The present study evaluated and compared the expression of miR-127, miR-154 and miR-183 between 15 MTC tumors of the thyroid tissue and their matched control specimens using Real-Time PCR. Our obtained data uncovered an augmented expression level of miR-127 expression in MTC samples compared to the normal tissues. Although miR-154 and miR-183 expression levels had increase expression in MTC tumors, this increase was not significant.

The expression of several miRNAs in surgically removed normal and cancerous thyroid tissue samples was analyzed and found upregulated levels of miR-127, miR-154, and some other miRNAs in MTC specimens (19). Another study analyzed the expression of nine miRNAs using Real-Time PCR method in 34 cases of sporadic MTC, 6 cases of hereditary MTC, and 2 cases of C-cell hyperplasia (CCH). Their results showed a significant increase in all of miRNAs especially our tested miRNAs, miR-127, miR-154 and miR-183, in MTC and CCH samples (20). In another study on miRNA profile of tissue samples from patients with sporadic and hereditary MTC to unravel potential prognostic biomarkers and therapeutic targets in MTC identified an overex-pressed miR-183.

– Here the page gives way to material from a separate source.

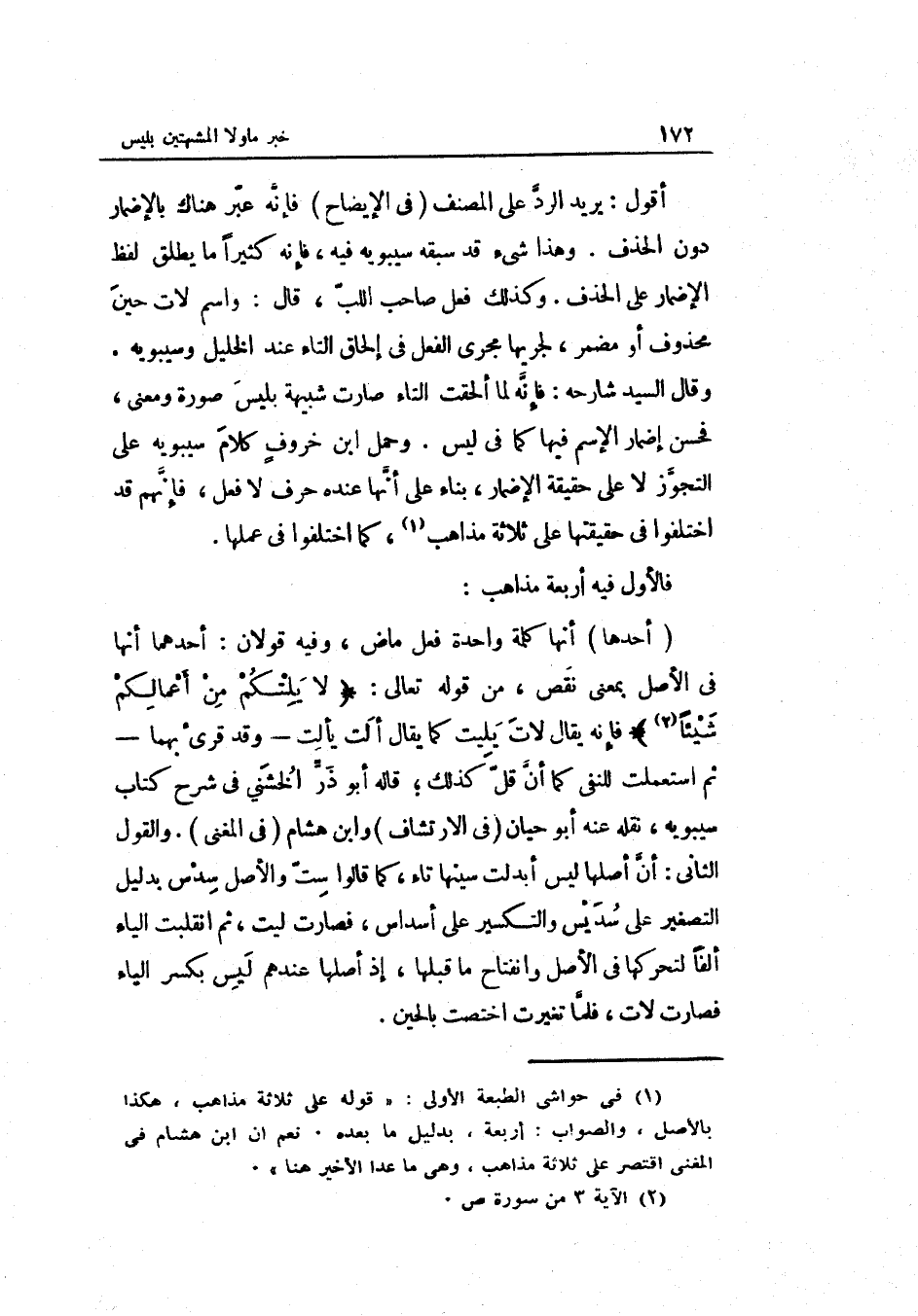 وَحمل ابْن خروف كَلَام سِيبَوَيْهٍ على التجوزّ لَا على حَقِيقَة الْإِضْمَار بِنَاء على أنّها عِنْده فَالْأول فِيهِ أَرْبَعَة مَذَاهِب: أَحدهَا: أَنَّهَا كلمة وَاحِدَة فعل مَاض وَفِيه قَولَانِ: أَحدهمَا أنّها فِي الأاصل بِمَعْنى نقص من قَوْله تَعَالَى: لَا يلتكم من أَعمالكُم شَيْئا فَإِنَّهُ يُقَال لات يليت كَمَا يُقَال ألت يألت وَقد قرئَ بهما ثمَّ اسْتعْملت للنَّفْي كَمَا أنّ قلّ كَذَلِك قَالَه أَبُو ذرّ الخشنيّ فِي شرح كتاب سِيبَوَيْهٍ نَقله)

The results of that study also clarified the correlation between overexpression of miRs-183 and lateral lymph node metastases, residual disease, distant metastases and mortality. Besides, their invitro studies revealed that knock downing of this miRNA could block cell proliferation and upregulation of an autophagy-associated protein called LC3B. Consequently, they suggested an important role for miRNAs in the biology of MTC and acting as prognostic and therapeutic factors (21). Overexpression of mir-127 in our study is following previous works.

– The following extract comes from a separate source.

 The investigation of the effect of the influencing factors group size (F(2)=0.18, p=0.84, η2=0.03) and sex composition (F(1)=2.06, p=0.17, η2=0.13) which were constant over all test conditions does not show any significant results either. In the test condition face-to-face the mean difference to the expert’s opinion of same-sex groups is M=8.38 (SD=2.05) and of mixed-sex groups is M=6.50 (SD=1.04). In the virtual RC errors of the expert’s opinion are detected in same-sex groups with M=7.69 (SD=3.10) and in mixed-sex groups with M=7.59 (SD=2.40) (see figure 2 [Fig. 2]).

In this study, increased levels of miR-154 and miR-183 expression in MTC tumors was not significant. One explanation for these inconsistent results may arise from the type of tissue used to prepare the tissue specimens. We used paraffin-embedded tissues in this study, but the samples analyzed in the previously mentioned reports were fresh snap-frozen tissues. Micro RNAs are susceptible to various intrinsic and extrinsic factors such as RNA extraction method, individual variances (which include age, race, diet, exercise, medications and chemicals), and the method of tissue preparation and maintenance. Moreover, some variables such as warm ischemia time, fixation, and storage can affect miRNA profiles of fixed tissues (22). The other reason for this inconsistency could result from the type of MTC from which the tissues have been obtained. For example, there are differential expressions of miR-9, miR-183, and miR-375 between sporadic and hereditary MTC tissue samples (21). More interestingly, the expression of miR-127 in sporadic MTCs with somatic RET mutations has been proven to be significantly lower than the cases with wild-type RET (20). MiR-127 has been shown to have a role as a potential prognostic factor for patients with breast cancer and is conversely associated with proliferation and invasiveness of breast cancer cells (23, 24). MiR-183 and mir-154 have also been reported as predicting, prognostic and therapeutic targets in different types of cancers (25, 26). These microRNAs may play their roles in specific stages or grades of a tumor.

Therefore, the lack of information about the stage and grade of tumor, size of the dissected tumor and metastasis were our study limitations. Besides, increasing the sample size may influence the results of future studies on MTC tumors. Various factors could affect the profile of miRNAs in cancers, and hence the inconsistency between our data and previous works may be a result of these differences.

Conclusion

Our data provided evidence to highlight a prognostic, diagnostic, and therapeutic potential for miR-127 in the tumor tissue of MTCs. However, further studies with larger sample sizes are required to establish the precise role of this mRNA in different aspects of MTC development and spreading. The results of the present study proposed the evaluation of the larger amount of mRNAs with a broader range of roles in this type of cancer to discover key biomarkers of MTC development and progression and aid in the clinical management of these tumors.